- Instructions for the task: Write out the data below in full, unchanged, minus the images.

- Extracted entries:
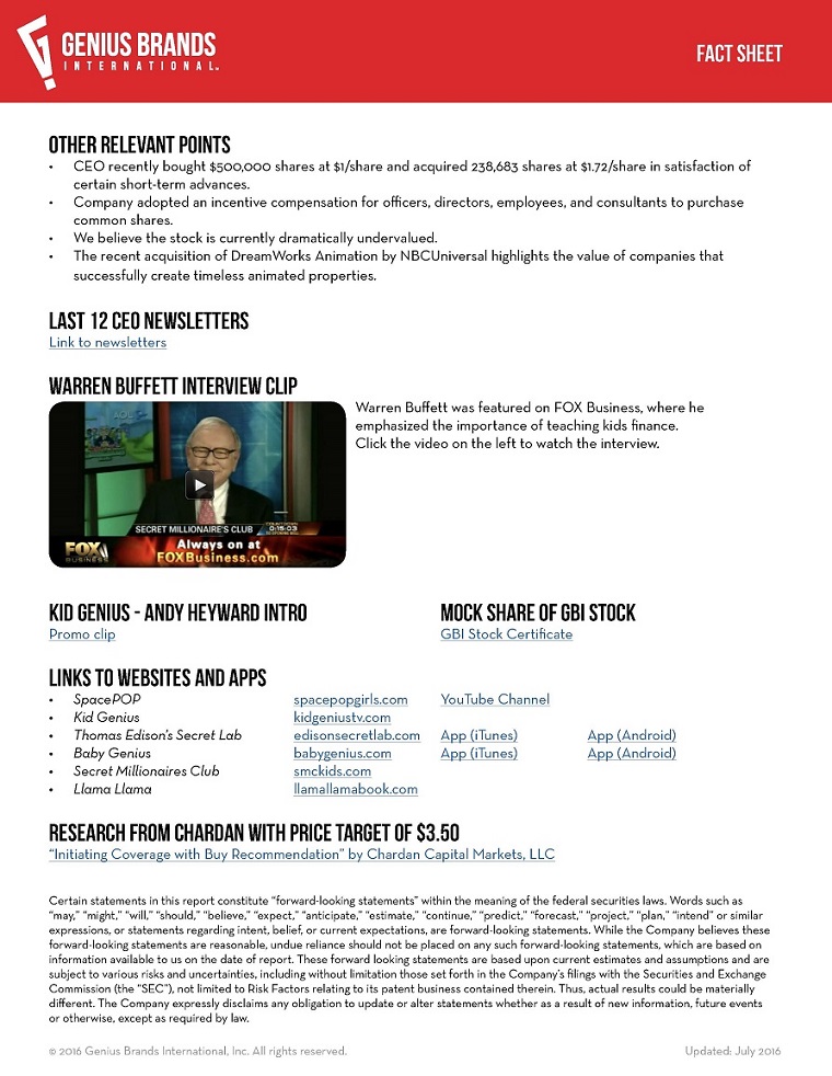 © 2016 Genius Brands International, Inc. All rights reserved. Updated: July 2016 FACT SHEET ABOUT GENIUS BRANDS INTERNATIONAL (OTCQB: GNUS) 1. Headquartered in Beverly Hills, California, Genius Brands International, Inc. (OTCQB: GNUS) is a publicly traded global brand management company that creates and licenses multimedia content. 2. Led by award-winning creators and producers, the company distributes its content worldwide in all formats, as well as a broad range of consumer products based on its characters. In the children’s media sector, GBI’s portfolio features “content with a purpose” for toddlers to tweens, which provides enrichment as well as entertainment. 3. Officially launched three new properties – SpacePOP currently available YouTube, Llama Llama to be distributed on Netflix, and Stan Lee’s Cosmic Crusaders in association with The Hollywood Reporter to premiere at ComicCon. Each comes with existing licensees and retailers. 4. New properties join our existing properties Baby Genius, Thomas Edison’s Secret Lab, and Warren Buffett’s Secret Millionaires Club. 5. Diverse portfolio of high-value brands with strong competitive niche and differentiation from competitors. 6. IP expansion has set stage for rapid growth under a low risk operating model. 7. Risk averse model doesn’t greenlight properties until cost of production is 75% pre-sold. 8. Kid Genius on Comcast (Genius Brands’ own recently launched proprietary kids channel) combines the power values of a channel in its own right AND the ability to promote Genius Brands’ programs. Channels are hard to come by, and they are worth a lot. Currently in 21 million homes and rollout plans to reach 60 million homes in Q4 2016. 9. Highly accomplished management team coming from Walt Disney Company, Hasbro Toys, McDonald’s, with a track record of working on numerous instantly recognizable and lucrative brands (Ghostbusters, Lion King, Inspector Gadget, Strawberry Shortcake, Care Bears, Alvin and the Chipmunks, Hello Kitty, Super Mario Brothers, Sonic the Hedgehog, Where’s Waldo, Street Sharks, Furby, Captain Planet, among others). 10. Highly respected independent Board of Directors. 11. Tiffany partnerships across broadcasting, licensees, and retail worldwide and seven brands coming to market in 2016/2017. OVERVIEW OF BRANDS (Click on BRAND IMAGE TO VIEW MATERIALS) © 2016 Genius Brands International, Inc. All rights reserved. Updated: July 2016 FACT SHEET OTHER RELEVANT POINTS • CEO recently bought $500,000 shares at $1/share and acquired 238,683 shares at $1.72/share in satisfaction of certain short-term advances. • Company adopted an incentive compensation for officers, directors, employees, and consultants to purchase common shares. • We believe the stock is currently dramatically undervalued. • The recent acquisition of DreamWorks Animation by NBCUniversal highlights the value of companies that successfully create timeless animated properties. LAST 12 CEO NEWSLETTERS Link to newsletters WARREN BUFFETT INTERVIEW CLIP Warren Buffett was featured on FOX Business, where he emphasized the importance of teaching kids finance. Click the video on the left to watch the interview. KID GENIUS - ANDY HEYWARD INTRO MOCK SHARE OF GBI STOCK Promo clip GBI Stock Certificate LINKS TO WEBSITES AND APPS • SpacePOP spacepopgirls.com YouTube Channel • Kid Genius kidgeniustv.com • Thomas Edison’s Secret Lab edisonsecretlab.com App (iTunes) App (Android) • Baby Genius babygenius.com App (iTunes) App (Android) • Secret Millionaires Club smckids.com • Llama Llama llamallamabook.com RESEARCH FROM CHARDAN WITH PRICE TARGET OF $3.50 “Initiating Coverage with Buy Recommendation” by Chardan Capital Markets, LLC Certain statements in this report constitute “forward-looking statements” within the meaning of the federal securities laws. Words such as “may,” “might,” “will,” “should,” “believe,” “expect,” “anticipate,” “estimate,” “continue,” “predict,” “forecast,” “project,” “plan,” “intend” or similar expressions, or statements regarding intent, belief, or current expectations, are forward-looking statements. While the Company believes these forward-looking statements are reasonable, undue reliance should not be placed on any such forward-looking statements, which are based on information available to us on the date of report. These forward looking statements are based upon current estimates and assumptions and are subject to various risks and uncertainties, including without limitation those set forth in the Company’s filings with the Securities and Exchange Commission (the “SEC”), not limited to Risk Factors relating to its patent business contained therein. Thus, actual results could be materially different. The Company expressly disclaims any obligation to update or alter statements whether as a result of new information, future events or otherwise, except as required by law.
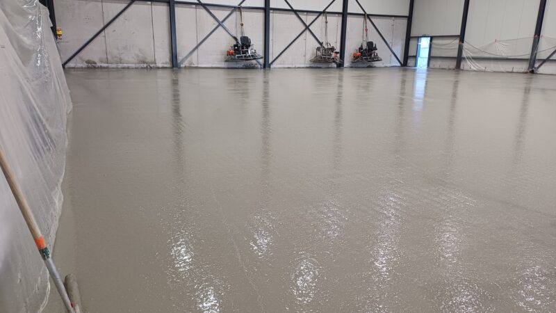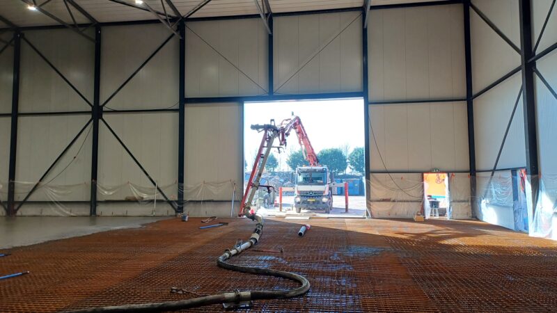 Het gaat om een stevige betonvloer van maar liefst 1000 m², speciaal ontworpen voor het zware werk. Op deze vloer zullen dagelijks zware machines en materieel komen te staan waarbij extra draagkracht essentieel is.
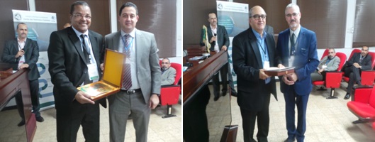 Remise du trophée de la JST à M. Abdellatif A, DG de l’aménagement de territoire et de l’Action régionale / Ministère de l’Habitat, de l’Urbanisme et de l’Aménagement de Territoire – Mauritanie (photo de gauche) et au Professeur M. Meghraoui (photo de droite).
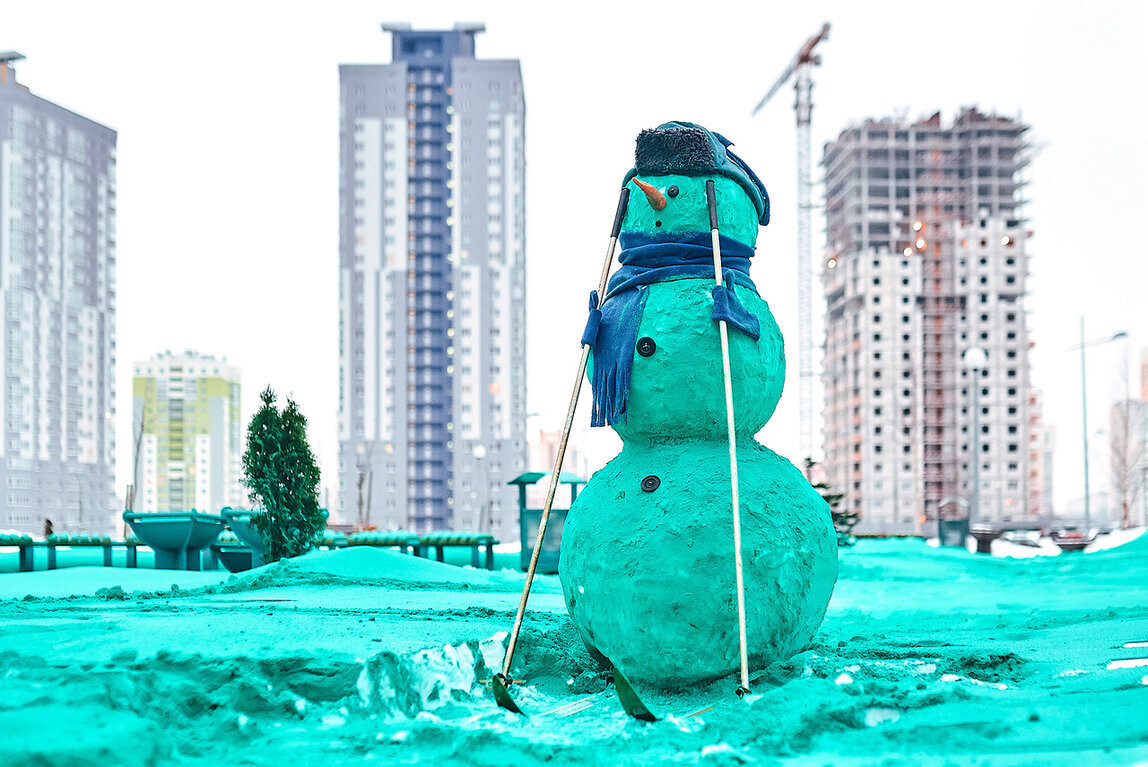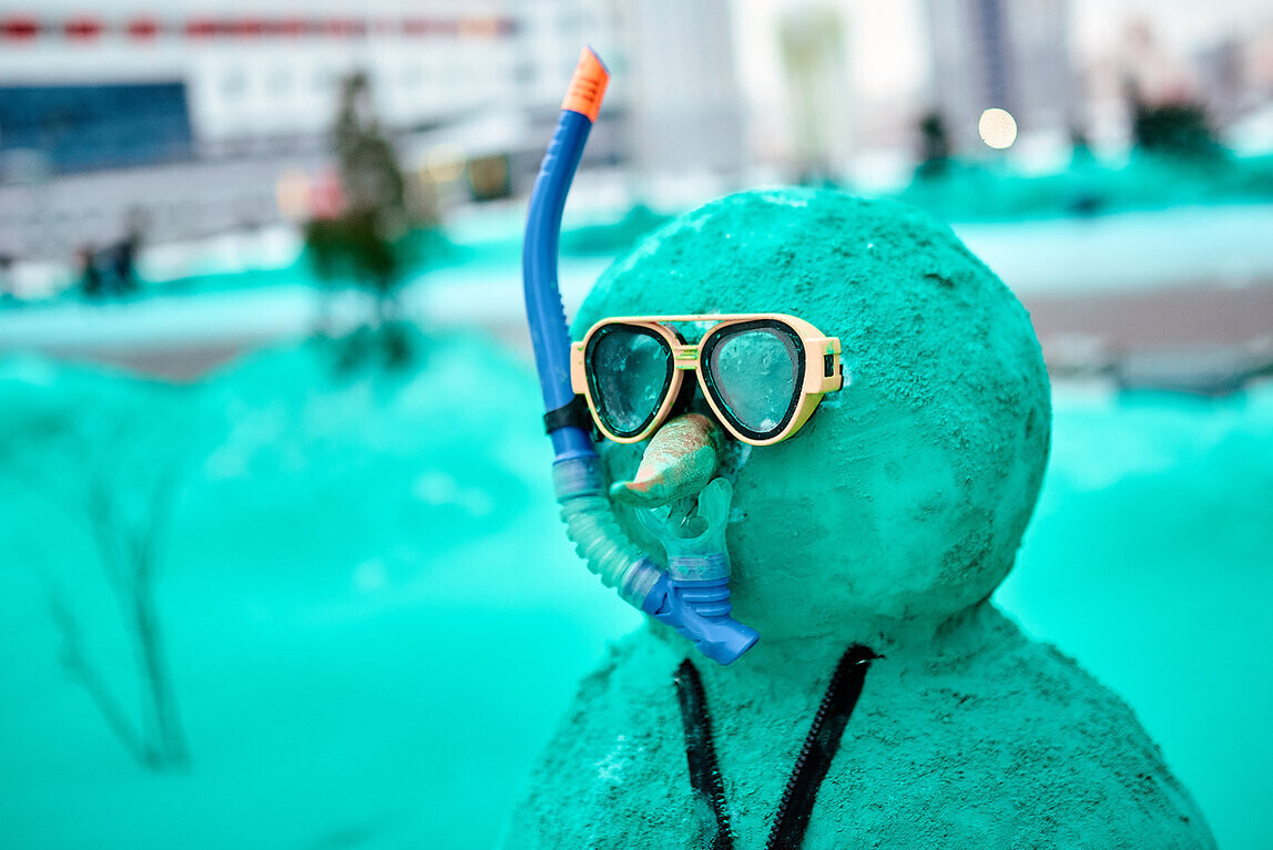 Сегодня снег у минских университетов окрасился в бирюзово-мятный цвет, а вблизи учебных корпусов и общежитий появились странные фигуры в виде снеговика-панка и снеговика-аквалангиста.
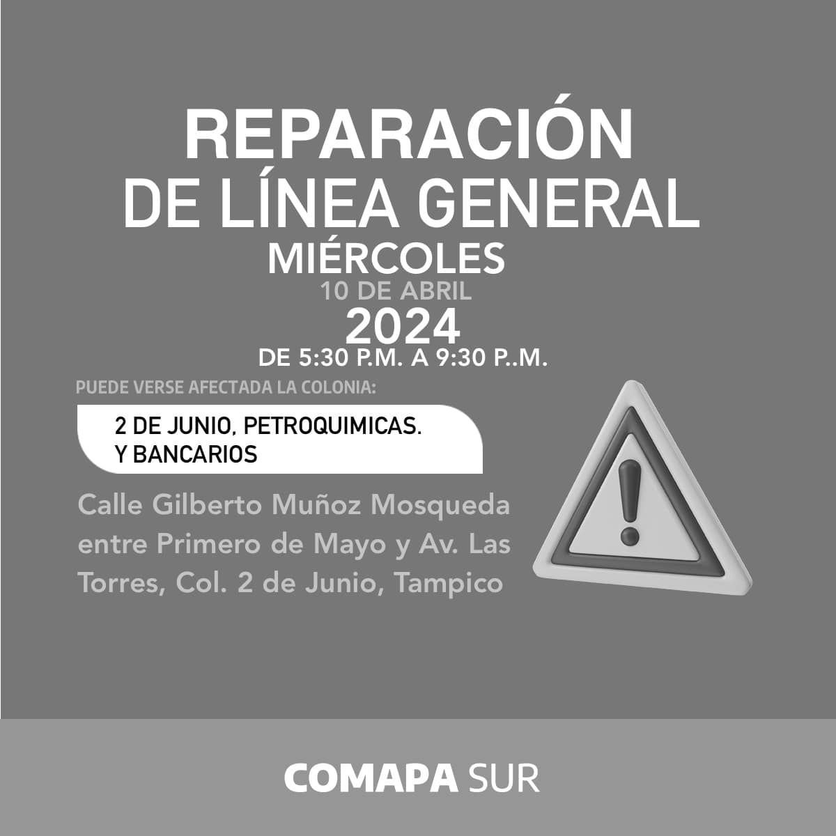 AVISO DE CORTE Suspensión de servicio de agua por trabajos de reparación de fuga de agua en línea general. Se restablecerá el servicio a partir de las 9:30 p.m. de hoy miércoles 10 de Abril de 2024. Pueden verse afectadas las colonias: 2 de Junio, Petroquimicas y Bancarios #Tampico#ComapaSur
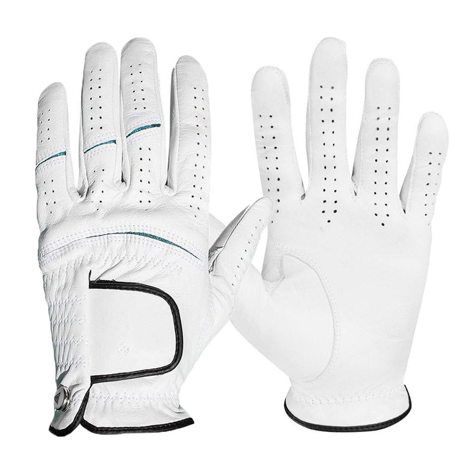 Gants de golf blancs avec logo personnalisé pour hommes en cuir véritable, respirants et antidérapants pour le sport, main gauche et main droite

- Response area:
 © 2016 Genius Brands International, Inc. All rights reserved. Updated: July 2016 FACT SHEET ABOUT GENIUS BRANDS INTERNATIONAL (OTCQB: GNUS) 1. Headquartered in Beverly Hills, California, Genius Brands International, Inc. (OTCQB: GNUS) is a publicly traded global brand management company that creates and licenses multimedia content. 2. Led by award-winning creators and producers, the company distributes its content worldwide in all formats, as well as a broad range of consumer products based on its characters. In the children’s media sector, GBI’s portfolio features “content with a purpose” for toddlers to tweens, which provides enrichment as well as entertainment. 3. Officially launched three new properties – SpacePOP currently available YouTube, Llama Llama to be distributed on Netflix, and Stan Lee’s Cosmic Crusaders in association with The Hollywood Reporter to premiere at ComicCon. Each comes with existing licensees and retailers. 4. New properties join our existing properties Baby Genius, Thomas Edison’s Secret Lab, and Warren Buffett’s Secret Millionaires Club. 5. Diverse portfolio of high-value brands with strong competitive niche and differentiation from competitors. 6. IP expansion has set stage for rapid growth under a low risk operating model. 7. Risk averse model doesn’t greenlight properties until cost of production is 75% pre-sold. 8. Kid Genius on Comcast (Genius Brands’ own recently launched proprietary kids channel) combines the power values of a channel in its own right AND the ability to promote Genius Brands’ programs. Channels are hard to come by, and they are worth a lot. Currently in 21 million homes and rollout plans to reach 60 million homes in Q4 2016. 9. Highly accomplished management team coming from Walt Disney Company, Hasbro Toys, McDonald’s, with a track record of working on numerous instantly recognizable and lucrative brands (Ghostbusters, Lion King, Inspector Gadget, Strawberry Shortcake, Care Bears, Alvin and the Chipmunks, Hello Kitty, Super Mario Brothers, Sonic the Hedgehog, Where’s Waldo, Street Sharks, Furby, Captain Planet, among others). 10. Highly respected independent Board of Directors. 11. Tiffany partnerships across broadcasting, licensees, and retail worldwide and seven brands coming to market in 2016/2017. OVERVIEW OF BRANDS (Click on BRAND IMAGE TO VIEW MATERIALS) © 2016 Genius Brands International, Inc. All rights reserved. Updated: July 2016 FACT SHEET OTHER RELEVANT POINTS • CEO recently bought $500,000 shares at $1/share and acquired 238,683 shares at $1.72/share in satisfaction of certain short-term advances. • Company adopted an incentive compensation for officers, directors, employees, and consultants to purchase common shares. • We believe the stock is currently dramatically undervalued. • The recent acquisition of DreamWorks Animation by NBCUniversal highlights the value of companies that successfully create timeless animated properties. LAST 12 CEO NEWSLETTERS Link to newsletters WARREN BUFFETT INTERVIEW CLIP Warren Buffett was featured on FOX Business, where he emphasized the importance of teaching kids finance. Click the video on the left to watch the interview. KID GENIUS - ANDY HEYWARD INTRO MOCK SHARE OF GBI STOCK Promo clip GBI Stock Certificate LINKS TO WEBSITES AND APPS • SpacePOP spacepopgirls.com YouTube Channel • Kid Genius kidgeniustv.com • Thomas Edison’s Secret Lab edisonsecretlab.com App (iTunes) App (Android) • Baby Genius babygenius.com App (iTunes) App (Android) • Secret Millionaires Club smckids.com • Llama Llama llamallamabook.com RESEARCH FROM CHARDAN WITH PRICE TARGET OF $3.50 “Initiating Coverage with Buy Recommendation” by Chardan Capital Markets, LLC Certain statements in this report constitute “forward-looking statements” within the meaning of the federal securities laws. Words such as “may,” “might,” “will,” “should,” “believe,” “expect,” “anticipate,” “estimate,” “continue,” “predict,” “forecast,” “project,” “plan,” “intend” or similar expressions, or statements regarding intent, belief, or current expectations, are forward-looking statements. While the Company believes these forward-looking statements are reasonable, undue reliance should not be placed on any such forward-looking statements, which are based on information available to us on the date of report. These forward looking statements are based upon current estimates and assumptions and are subject to various risks and uncertainties, including without limitation those set forth in the Company’s filings with the Securities and Exchange Commission (the “SEC”), not limited to Risk Factors relating to its patent business contained therein. Thus, actual results could be materially different. The Company expressly disclaims any obligation to update or alter statements whether as a result of new information, future events or otherwise, except as required by law.
 Het gaat om een stevige betonvloer van maar liefst 1000 m², speciaal ontworpen voor het zware werk. Op deze vloer zullen dagelijks zware machines en materieel komen te staan waarbij extra draagkracht essentieel is.
 Remise du trophée de la JST à M. Abdellatif A, DG de l’aménagement de territoire et de l’Action régionale / Ministère de l’Habitat, de l’Urbanisme et de l’Aménagement de Territoire – Mauritanie (photo de gauche) et au Professeur M. Meghraoui (photo de droite).
 Сегодня снег у минских университетов окрасился в бирюзово-мятный цвет, а вблизи учебных корпусов и общежитий появились странные фигуры в виде снеговика-панка и снеговика-аквалангиста.
 AVISO DE CORTE Suspensión de servicio de agua por trabajos de reparación de fuga de agua en línea general. Se restablecerá el servicio a partir de las 9:30 p.m. de hoy miércoles 10 de Abril de 2024. Pueden verse afectadas las colonias: 2 de Junio, Petroquimicas y Bancarios #Tampico#ComapaSur
 Gants de golf blancs avec logo personnalisé pour hommes en cuir véritable, respirants et antidérapants pour le sport, main gauche et main droite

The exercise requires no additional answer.